Он улыбнулся Элис, и Фрэнсис увидела в его глазах обожание. У нее возникло ощущение, что из них двоих он был более влюбленным и уступчивым. Элис Чэпмен держала его на коротком поводке.

Виктория исчезла – во всяком случае, ее нигде не было видно. Элис села на каменную стенку в конце сада. Уэстхилл располагался на холме, и отсюда, сверху, открывался великолепный вид на раскинувшиеся на другой стороне долины стойла и дома рабочих с ферм, принадлежавших Уэстхиллу.

Элис огляделась и глубоко вздохнула.

– Как хорошо побыть на природе… Поездка на поезде была бесконечной. В Уэнсли, или как называется это место, Джордж нанял экипаж. – Она улыбнулась. – Какая здесь идиллия!

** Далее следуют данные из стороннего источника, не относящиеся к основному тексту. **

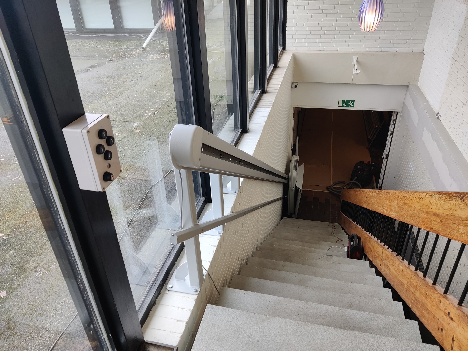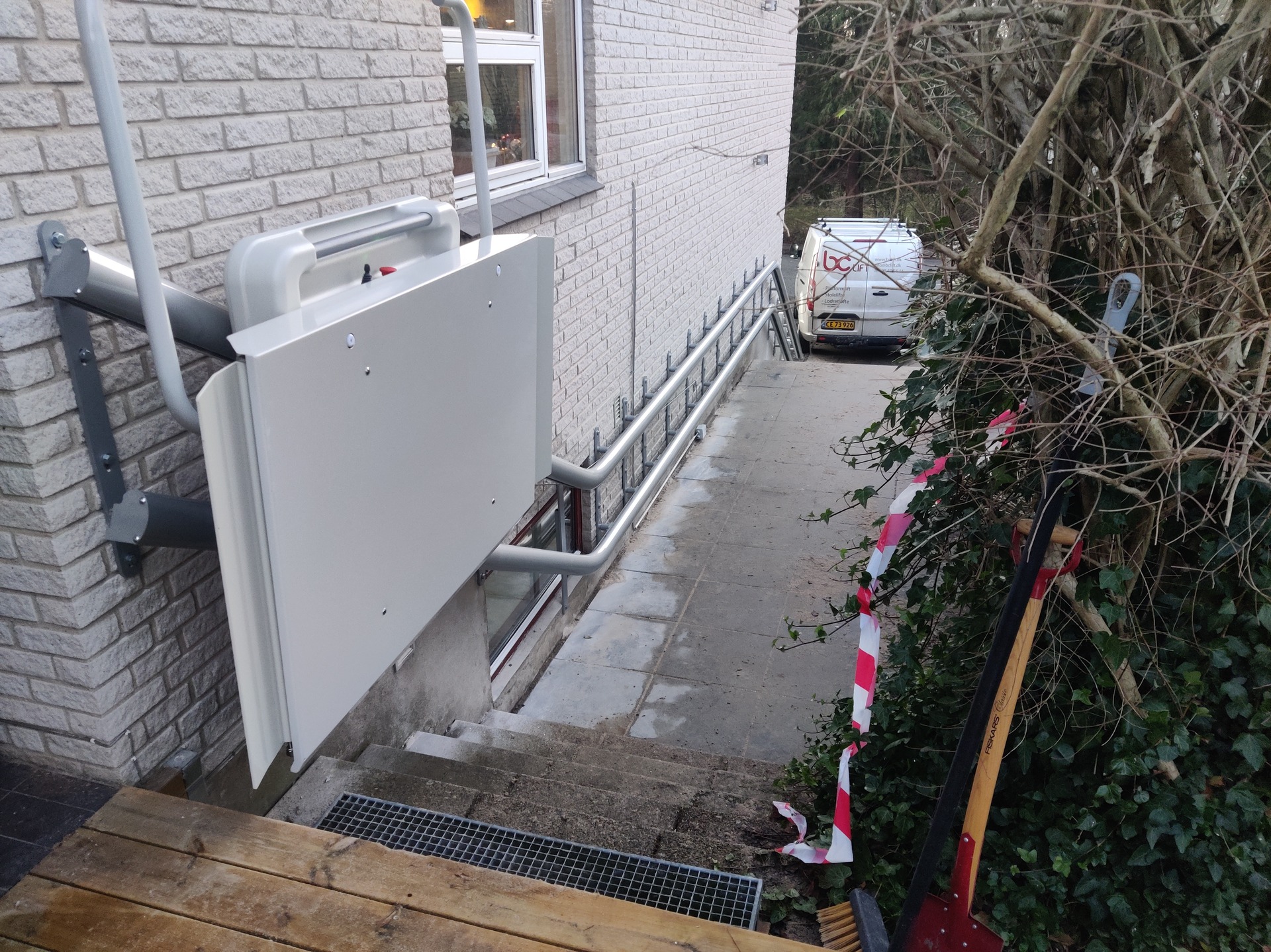 At BC lift we offer a flexible raising/lowering platform lift, which is specially designed for stair areas with limited space at the bottom of the stairs. Thanks to the raising/lowering function, the lift only takes up the absolute minimum space at the bottom of the stairs, making it ideal for places where there is, for example, a door or wall close to the foot of the stairs. The platform lift can be mounted on both the right and left side of the stairs and is suitable for both indoor and outdoor environments.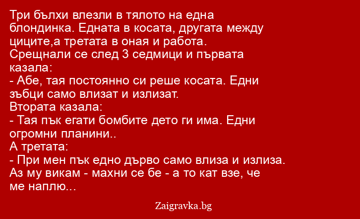 Три бълхи влезли в тялото на една блондинка. Едната в косата, другата между циците,а третата в оная и работа.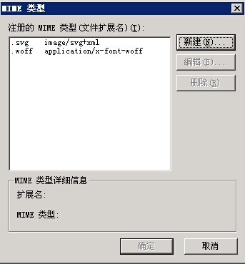 原因:因?yàn)榉⻊?wù)器IIS不認(rèn)SVG,WOFF/WOFF2 這幾個文件類型,只要在IIS上添加MIME 類型即可。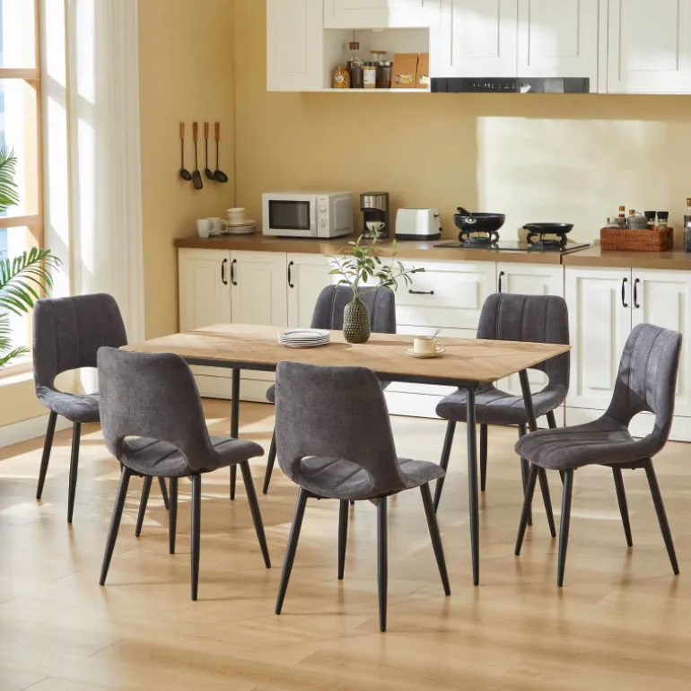 La chaise Agathe incarne l’élégance contemporaine avec son design épuré et raffiné. Habillée d’un tissu de qualité, cette chaise se distingue par sa coque rembourrée offrant un confort optimal. Le bas de son dossier ajouré apporte une touche de légèreté visuelle tandis que les trois striures verticales le long de l’assise et du dossier créent un style unique. Reposant sur des pieds en métal noir, Agathe s’adapte à tous les intérieurs grâce à sa palette de coloris variés pour son revêtement en tissu. Gage de qualité, cette chaise répond aux exigences de la norme NF EN16139 en matière de sécurité, résistance et durabilité.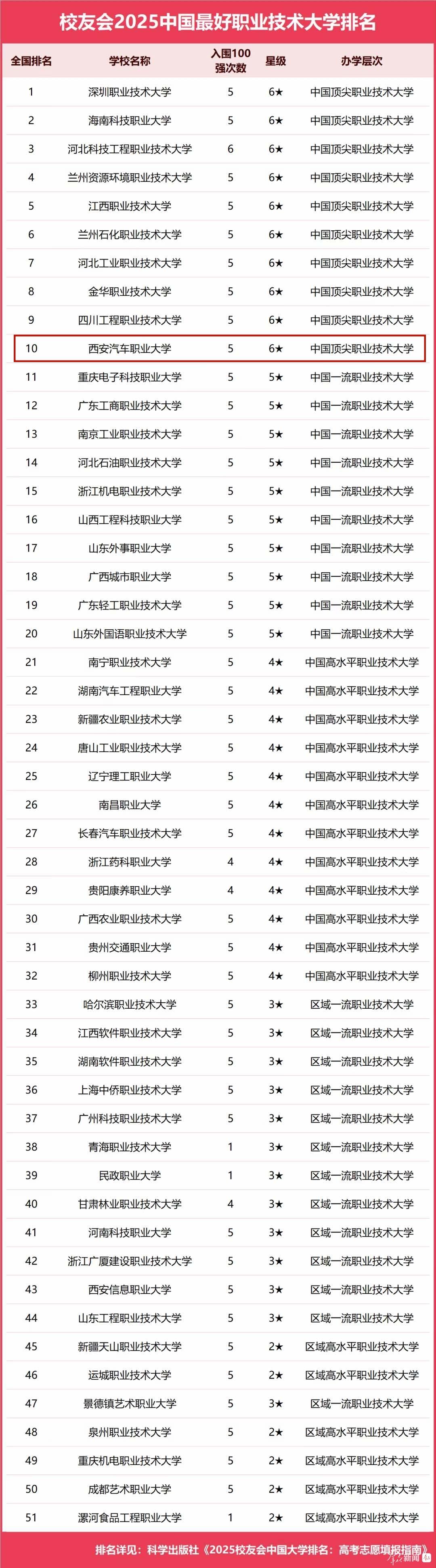 10月28日,记者从西安汽车职业大学获悉:“校友会2025中国最好职业技术大学排名”近日发布。该校进入全国十强名单,成为迄今为止陕西省唯一一所入围该榜单前列的职业技术大学。
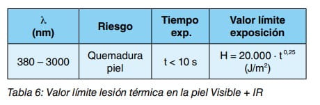 Las respuestas naturales de aversión protegen frente a exposiciones cortas (menos de 10 s) y poco intensas. Por tanto, el valor límite para la piel en el intervalo de 380-3000 nm, tiene por objeto evitar las quemaduras producidas por fuentes de corta duración con intensidades muy altas. (Tabla 6).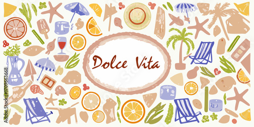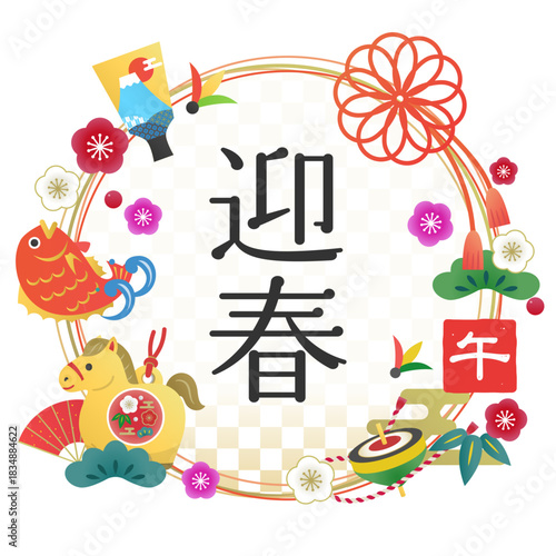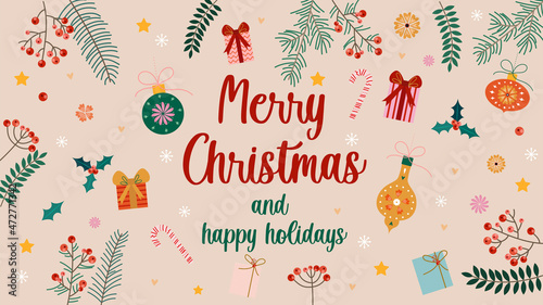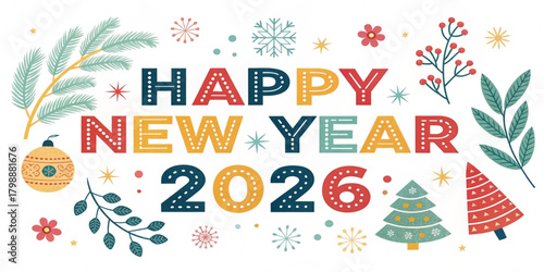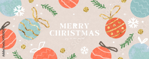Поздравительный баннер с новым годом 2024 в модном геометрическом минималистичном стиле. Праздничные елочные безделушки, декоративные элементы дизайна Мемфиса, векторная иллюстрация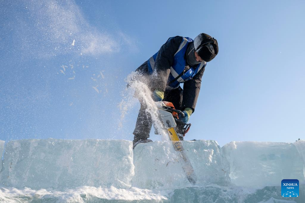 HARBIN, 5 diciembre, 2025 (Xinhua) -- Un trabajador recorta un pedazo de hielo en el sitio de construcción del Mundo de Hielo y Nieve, en Harbin, en la provincia de Heilongjiang, en el noreste de China, el 5 de diciembre de 2025. La edición 27 del Mundo de Hielo y Nieve en Harbin ha comenzado recientemente su trabajo de construcción, que involucran a más de 10.000 trabajadores y aproximadamente 1.000 máquinas. Se espera que el área del parque se extienda hasta los 1,2 millones de metros cuadrados, la más grande de todas las ediciones en la historia. (Xinhua/Zhang Tao)

– Иногда и здесь бывает скучно, – ответила Фрэнсис, сев рядом с Элис. – Откуда вы знаете моего брата?

– Мы познакомились с ним во время демонстрации. Н-да, это мягко сказано… Скорее тогда была настоящая битва. – Она рассмеялась. – Вы выглядите совершенно растерянной, Фрэнсис! Я думаю, вы как раз пытаетесь представить себе вашего брата в качестве участника демонстрации… Однако можете быть совершенно спокойны. Он не имеет к этому никакого отношения. Мы проникли на занятия в Итон и развернули там наши плакаты. Возникла порядочная суматоха.

– Кто это мы?

– ЖСПС. Вы ведь наверняка об этом что-то слышали?

Конечно, Фрэнсис слышала о ЖСПС – Женском социально-политическом союзе. Это была партия борцов за права женщин под руководством Эммелин и Кристабель Панкхёрст, которые выступали за предоставление женщинам избирательных прав с помощью радикальных средств. О них много говорили, чаще всего с негативным оттенком. Многие мужчины насмехались над ними, используя довольно грубые слова: «мужеподобные бабы», «неудовлетворенные шлюхи», «мерзкие вороны» и «бедные сумасшедшие».

Фрэнсис не могла до конца понять подобное поведение мужчин; как будто возникала угроза того, что рухнет империя, если женщины получат избирательное право. «В следующий раз пусть еще мой пес принимает решение о политической судьбе Англии!» – возмущался недавно старый Артур Ли на каком-то общественном мероприятии, и при этом сам зарычал, как разозленная собака. Все присутствующие засмеялись и зааплодировали, в том числе и женщины. Фрэнсис знала, что даже ее отец, хоть и являлся приверженцем партии тори[3], по своим взглядам был либералом и противостоял суфражисткам, как их называли в соответствии с преследуемой ими целью – добиться избирательного права[4].

 

«Политика не женское дело», – говорил он всегда. Морин никогда не высказывалась по данному поводу, и Фрэнсис расценивала это как молчаливое согласие, но все-таки решила как-нибудь спросить об этом мать с глазу на глаз.

– Я еще никогда не встречала никого, кто являлся бы членом ЖСПС, – сказала она.

– Думаю, ваши родители придают большое значение тому, с кем вы общаетесь, – сказала Элис язвительно, – и суфражетки вряд ли входят в круг одобряемых ими лиц.

– Мои родители придают также большое значение тому, с кем общается Джордж.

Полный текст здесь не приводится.